Adriano Gaved from mobile media company 3 Italia recently shared the results of an internal case study on mobile content ad targeting. The big takeaways from their testing:
- In mobile content, carriers will be disappointed to discover that the consumer's expectations around content consumption will trump his or her preexisting norms around mobile usage. e.g., free and advertising-supported is the standard content model, rather than premium payments. (Notable exceptions: users are willing to pay extra for games, adult
content, and music.)
- Each time you divide a target cluster, you will double the clickthrough rate.
A fairly new carrier, 3 Italia has grown to approximately 7 million subscribers over the past three years. 4.5 million of those 7 million customers have opted in to receive daily promotional content via UMTS push, including both MMS and VMS. (Pull media, on the other hand, goes out through 3 Italia's portal.) Since UMTS is unicasting, this means that if 1 million customers want information, there will be 1 million data flows going out from your servers. DVB-H, on the other hand is a broadcast medium, and has similar efficiencies to terrestrial digital television. Inefficiency is the cost of providing more choice to the user experience, and so the carrier must develop targeting sufficient to pay for the increased costs of UMTS over DVB-H. Here's what 3 Italia found in its test results:
- Case Study A: 8 clusters of 62,500 customers each = 0.8% click-through rate (CTR)

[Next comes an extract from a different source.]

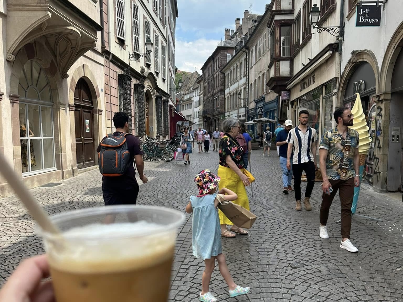 Coffee for me, cobblestones for them. A perfect Strasbourg walk.

- Case Study B: 24 clusters of 67,000 customers each = 1.8% CTR (Note: though the cluster size is relatively similar to that of A, this represents a finer comb since it parallelled overall growth of the customer base.)
- Case Study C: 48 clusters of 33,000 customers each = 3.2% CTR
These numbers show that targeting makes a huge difference in returns. It left me wondering, however, if 3 Italia stopped testing after C because that was the CTR required to turn a profit on unicasting in their content model. Or conversely, if a 'D' split fails to provide improvements along the same trajectory.